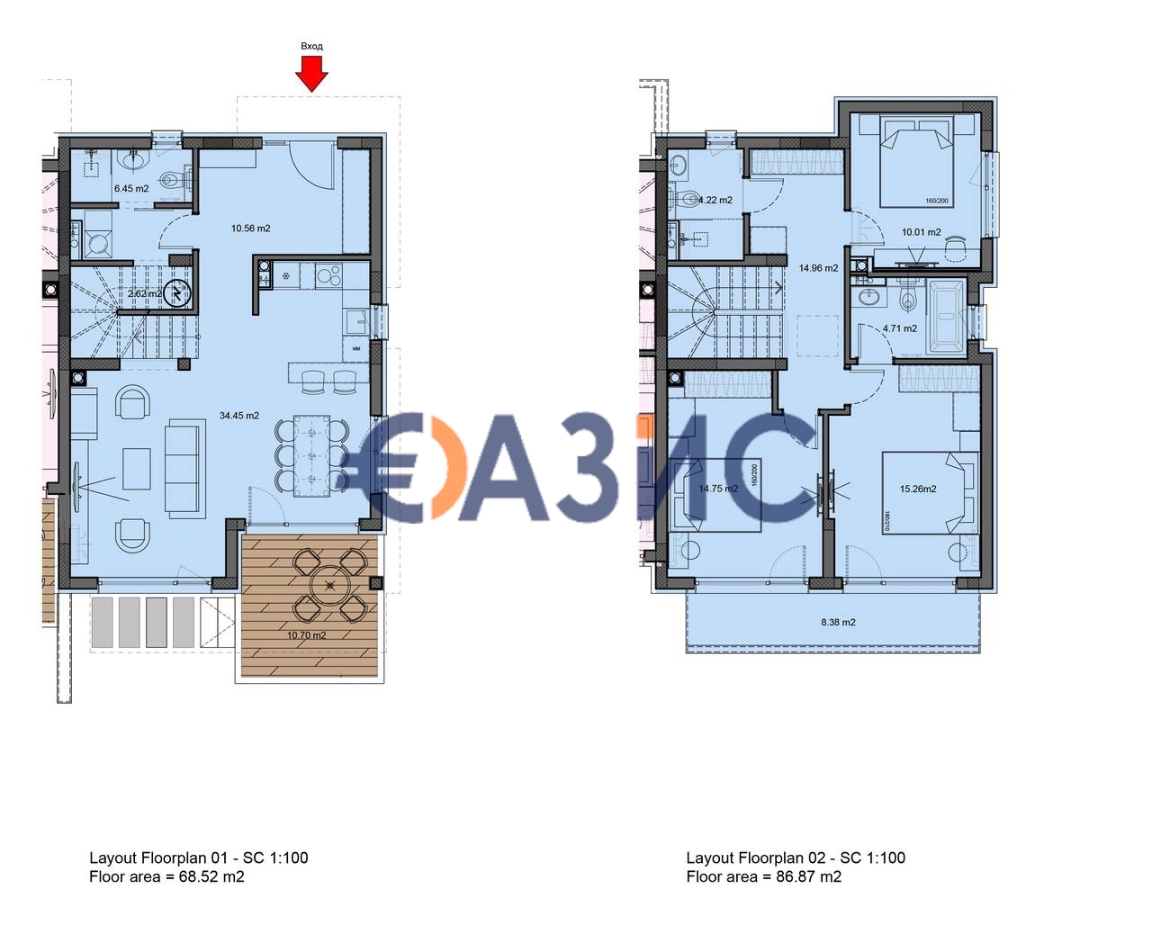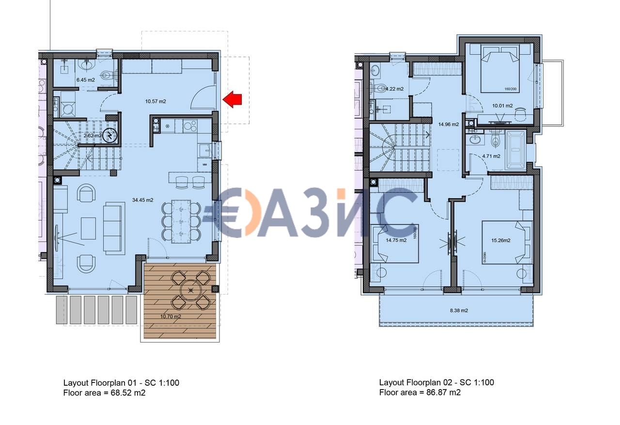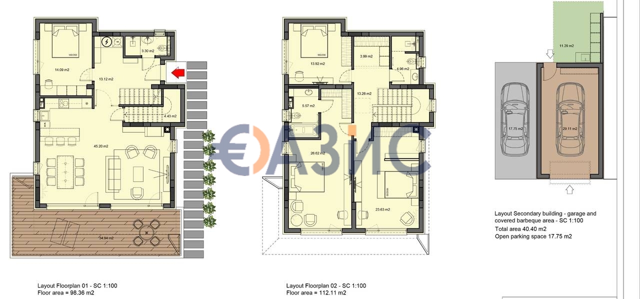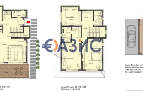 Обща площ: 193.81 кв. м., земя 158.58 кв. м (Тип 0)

* * *

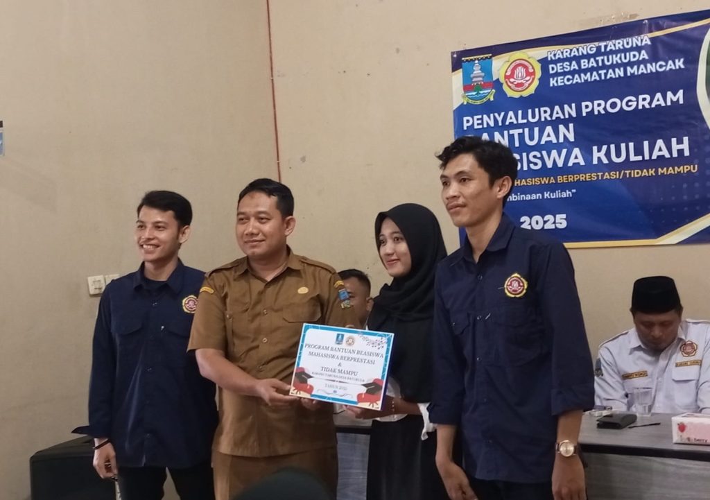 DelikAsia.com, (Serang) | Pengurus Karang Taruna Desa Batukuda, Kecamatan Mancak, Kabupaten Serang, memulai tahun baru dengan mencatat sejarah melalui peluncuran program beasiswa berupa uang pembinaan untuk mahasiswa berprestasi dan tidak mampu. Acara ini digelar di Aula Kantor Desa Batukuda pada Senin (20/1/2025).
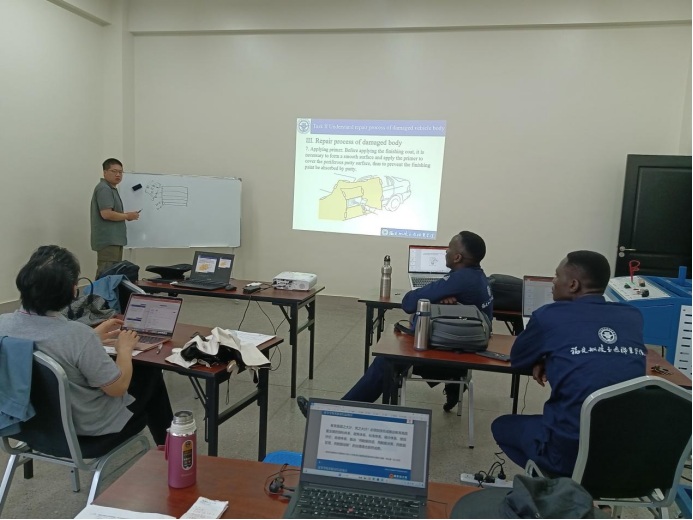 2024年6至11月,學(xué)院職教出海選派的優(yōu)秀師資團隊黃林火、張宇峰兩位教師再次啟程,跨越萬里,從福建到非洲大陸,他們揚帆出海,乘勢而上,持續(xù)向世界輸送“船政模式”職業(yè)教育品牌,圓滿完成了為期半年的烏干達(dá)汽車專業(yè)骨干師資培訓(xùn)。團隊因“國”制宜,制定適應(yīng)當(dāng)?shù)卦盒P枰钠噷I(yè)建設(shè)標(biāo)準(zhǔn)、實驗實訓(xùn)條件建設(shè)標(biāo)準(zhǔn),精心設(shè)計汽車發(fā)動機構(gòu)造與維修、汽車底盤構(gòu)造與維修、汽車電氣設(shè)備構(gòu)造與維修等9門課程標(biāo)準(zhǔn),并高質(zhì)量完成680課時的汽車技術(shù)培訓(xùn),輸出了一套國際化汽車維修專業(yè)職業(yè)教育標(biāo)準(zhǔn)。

■ **WORK ORDER**:
In the data above, retype only the stretch from the line with "DelikAsia.com, (Serang) |" through the line with "2024年6至11月,學(x", word for word, and skip any pictures.

■ **TASK OUTPUT**:
 DelikAsia.com, (Serang) | Pengurus Karang Taruna Desa Batukuda, Kecamatan Mancak, Kabupaten Serang, memulai tahun baru dengan mencatat sejarah melalui peluncuran program beasiswa berupa uang pembinaan untuk mahasiswa berprestasi dan tidak mampu. Acara ini digelar di Aula Kantor Desa Batukuda pada Senin (20/1/2025).
 2024年6至11月,學(xué)院職教出海選派的優(yōu)秀師資團隊黃林火、張宇峰兩位教師再次啟程,跨越萬里,從福建到非洲大陸,他們揚帆出海,乘勢而上,持續(xù)向世界輸送“船政模式”職業(yè)教育品牌,圓滿完成了為期半年的烏干達(dá)汽車專業(yè)骨干師資培訓(xùn)。團隊因“國”制宜,制定適應(yīng)當(dāng)?shù)卦盒P枰钠噷I(yè)建設(shè)標(biāo)準(zhǔn)、實驗實訓(xùn)條件建設(shè)標(biāo)準(zhǔn),精心設(shè)計汽車發(fā)動機構(gòu)造與維修、汽車底盤構(gòu)造與維修、汽車電氣設(shè)備構(gòu)造與維修等9門課程標(biāo)準(zhǔn),并高質(zhì)量完成680課時的汽車技術(shù)培訓(xùn),輸出了一套國際化汽車維修專業(yè)職業(yè)教育標(biāo)準(zhǔn)。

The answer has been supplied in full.